▸ ABOUT THIS TASK:
Repeat, line for line, only the span that opens at the "아이들의 첫 학교 유치원의" line and closes at the final line below. Skip the pictures.

▸ EXERCISE MATERIAL:

════════════════

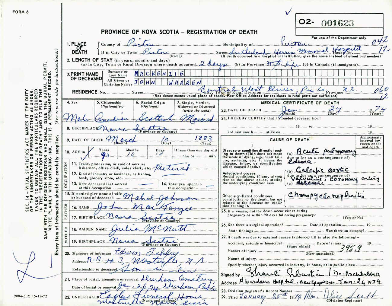 Male Death Registration: Year: 1974 number: 1623
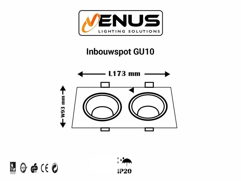 20 x Inbouwspotfitting (EP-2) - Verstelbaar - GU10 - Wit/Zwart - Model : inbouw - Productkleur : zwart/wit - Indoor - Geschikt voor gebruik : binnen - IP-waarde : IP20 - Afmetingen/mm : L 173 x W 93 x H 33 - Inbouwmaat/mm : L 150 x W 75 mm - Fitting : GU10 - Garantie : 2 jaar - Antireflectie / MR16-GU10 / Binnenring verstelbaar - Lampen zijn niet inbegrepen.
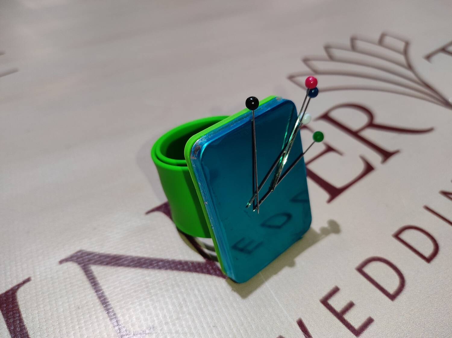 Магнитный браслет-держатель на руку - это именно тот аксессуар, который поможет хранить на месте ваши булавки, иголки, невидимки и другие мелкие металлические предметы. Эта подушечка для булавок не совсем обычная. Ведь иголки к ней прилипают и не теряются. Даже если перевернуть держатель вверх ногами, иголки останутся на своих местах. Размер браслета универсальный, что позволяет комфортно носить его на запястье. Такой магнитный держатель сделает процесс шитья более организованным и быстрым - все необходимые мелочи всегда под рукой.
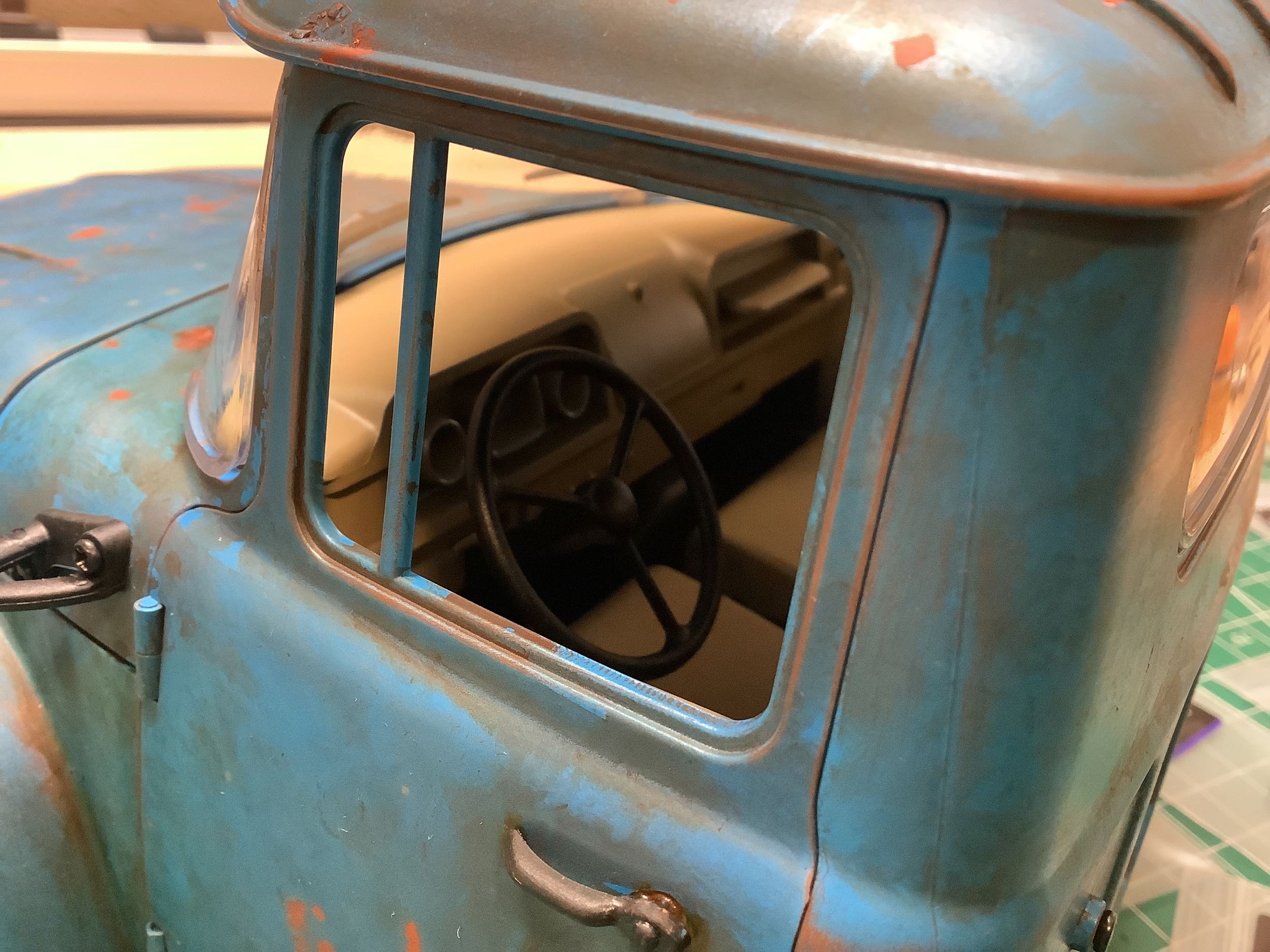 Here's the cab attached to the chassis. Note the lovely wipers and
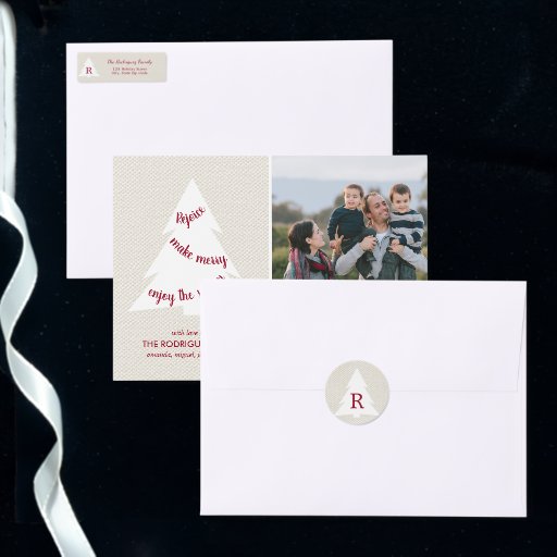 Add elegance to your mail or gifts with stickers featuring a modern white geometric tree on a beige faux textured background and a burgundy monogram within the tree. Click to personalise or delete the initial. Perfect for the holidays.
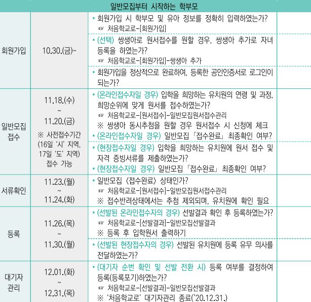아이들의 첫 학교 유치원의 입학을 위해 미리미리 준비하여 불이익을 보는 일이 없도록 하시기 바랍니다.
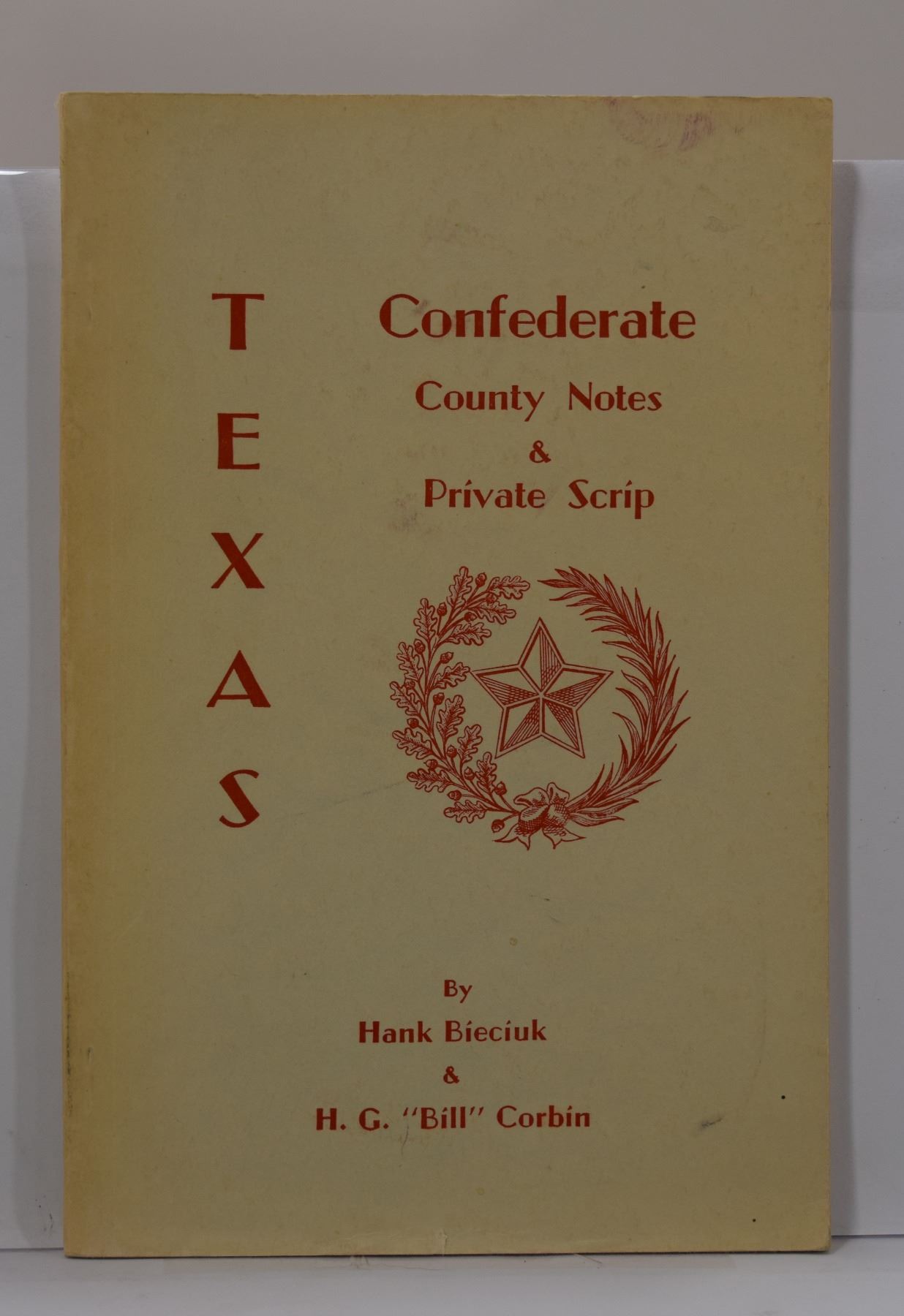 Bieciuk, Hank & H. G. 'Bill' Corbin. TEXAS CONFEDERATE COUNTY NOTES & PRIVATE SCRIP. Hank Bieciuk & H. G. 'Bill' Corbin. 1961. 12mo, 112 pages; Softcover; . Subject: Paper Money - US

════════════════

▸ ANSWER BELOW:
아이들의 첫 학교 유치원의 입학을 위해 미리미리 준비하여 불이익을 보는 일이 없도록 하시기 바랍니다.
 Bieciuk, Hank & H. G. 'Bill' Corbin. TEXAS CONFEDERATE COUNTY NOTES & PRIVATE SCRIP. Hank Bieciuk & H. G. 'Bill' Corbin. 1961. 12mo, 112 pages; Softcover; . Subject: Paper Money - US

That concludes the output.